"""

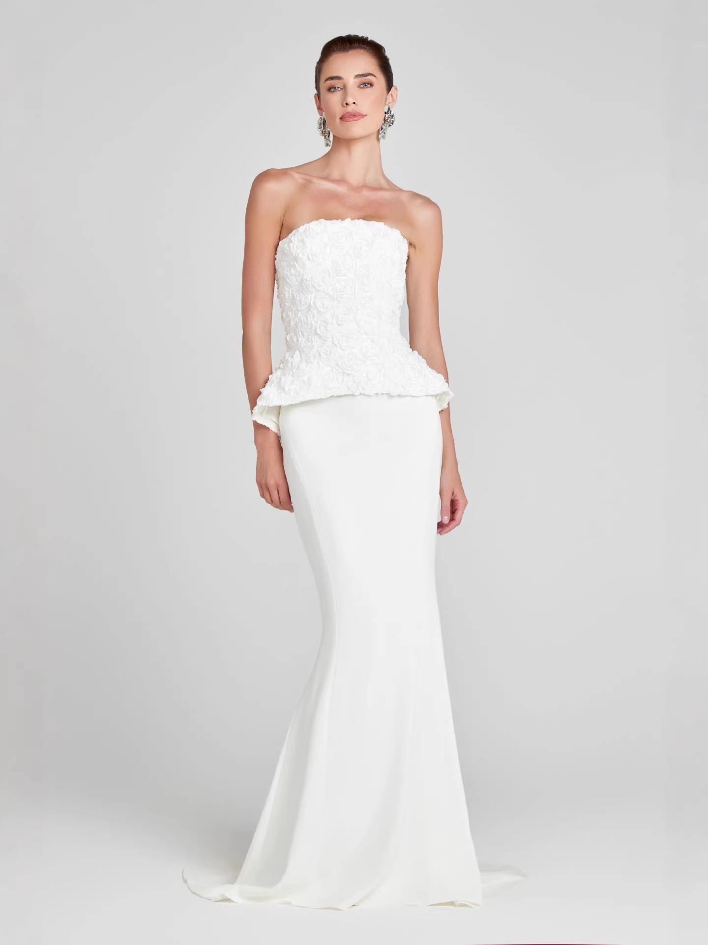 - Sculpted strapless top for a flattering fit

"""
"""

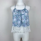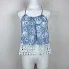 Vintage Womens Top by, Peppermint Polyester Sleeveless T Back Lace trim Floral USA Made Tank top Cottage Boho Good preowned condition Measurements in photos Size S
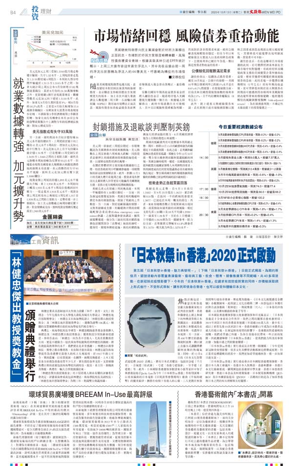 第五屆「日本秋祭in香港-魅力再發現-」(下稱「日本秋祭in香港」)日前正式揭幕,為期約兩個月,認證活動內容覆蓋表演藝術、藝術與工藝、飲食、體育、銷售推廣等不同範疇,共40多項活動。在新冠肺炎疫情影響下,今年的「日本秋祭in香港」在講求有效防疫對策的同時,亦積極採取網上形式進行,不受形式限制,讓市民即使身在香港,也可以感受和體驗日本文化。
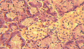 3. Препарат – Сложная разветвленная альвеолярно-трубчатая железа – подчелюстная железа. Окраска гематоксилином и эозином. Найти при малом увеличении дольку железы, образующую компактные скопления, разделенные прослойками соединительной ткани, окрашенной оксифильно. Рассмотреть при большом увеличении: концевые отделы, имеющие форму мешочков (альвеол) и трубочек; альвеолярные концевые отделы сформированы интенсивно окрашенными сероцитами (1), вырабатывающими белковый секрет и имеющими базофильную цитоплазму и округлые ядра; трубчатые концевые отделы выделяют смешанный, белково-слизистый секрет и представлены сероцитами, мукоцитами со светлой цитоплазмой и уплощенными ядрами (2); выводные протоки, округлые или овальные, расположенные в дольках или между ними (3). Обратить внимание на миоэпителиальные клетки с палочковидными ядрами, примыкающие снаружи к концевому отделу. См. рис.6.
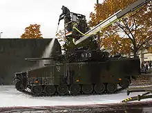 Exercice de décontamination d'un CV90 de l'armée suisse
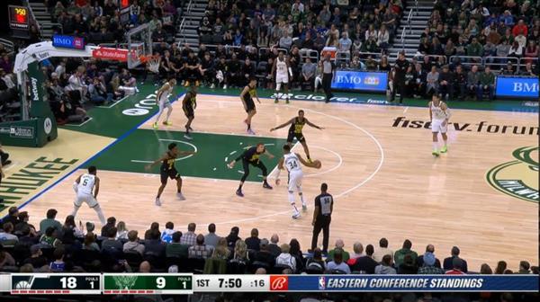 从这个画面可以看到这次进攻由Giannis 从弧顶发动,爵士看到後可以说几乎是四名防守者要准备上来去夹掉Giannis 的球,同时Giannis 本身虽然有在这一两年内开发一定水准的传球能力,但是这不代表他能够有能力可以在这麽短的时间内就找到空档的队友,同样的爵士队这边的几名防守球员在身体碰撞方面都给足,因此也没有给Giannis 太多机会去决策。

"""
"""

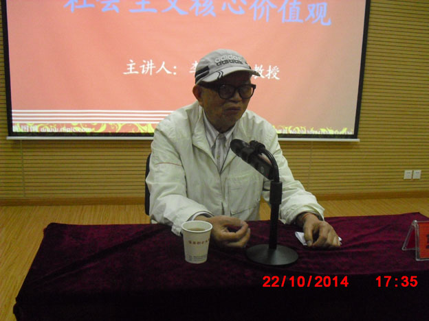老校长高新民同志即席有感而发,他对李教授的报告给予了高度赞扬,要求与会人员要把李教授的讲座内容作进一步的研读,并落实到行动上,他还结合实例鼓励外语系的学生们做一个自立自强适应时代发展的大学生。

"""

## Task description
Although pictures appear among the entries, please set down only the lines from the one with "Vintage Womens Top" up to and including the one with "第五屆「日本秋祭in香港-魅", word for word.

## Written reply
 Vintage Womens Top by, Peppermint Polyester Sleeveless T Back Lace trim Floral USA Made Tank top Cottage Boho Good preowned condition Measurements in photos Size S
 第五屆「日本秋祭in香港-魅力再發現-」(下稱「日本秋祭in香港」)日前正式揭幕,為期約兩個月,認證活動內容覆蓋表演藝術、藝術與工藝、飲食、體育、銷售推廣等不同範疇,共40多項活動。在新冠肺炎疫情影響下,今年的「日本秋祭in香港」在講求有效防疫對策的同時,亦積極採取網上形式進行,不受形式限制,讓市民即使身在香港,也可以感受和體驗日本文化。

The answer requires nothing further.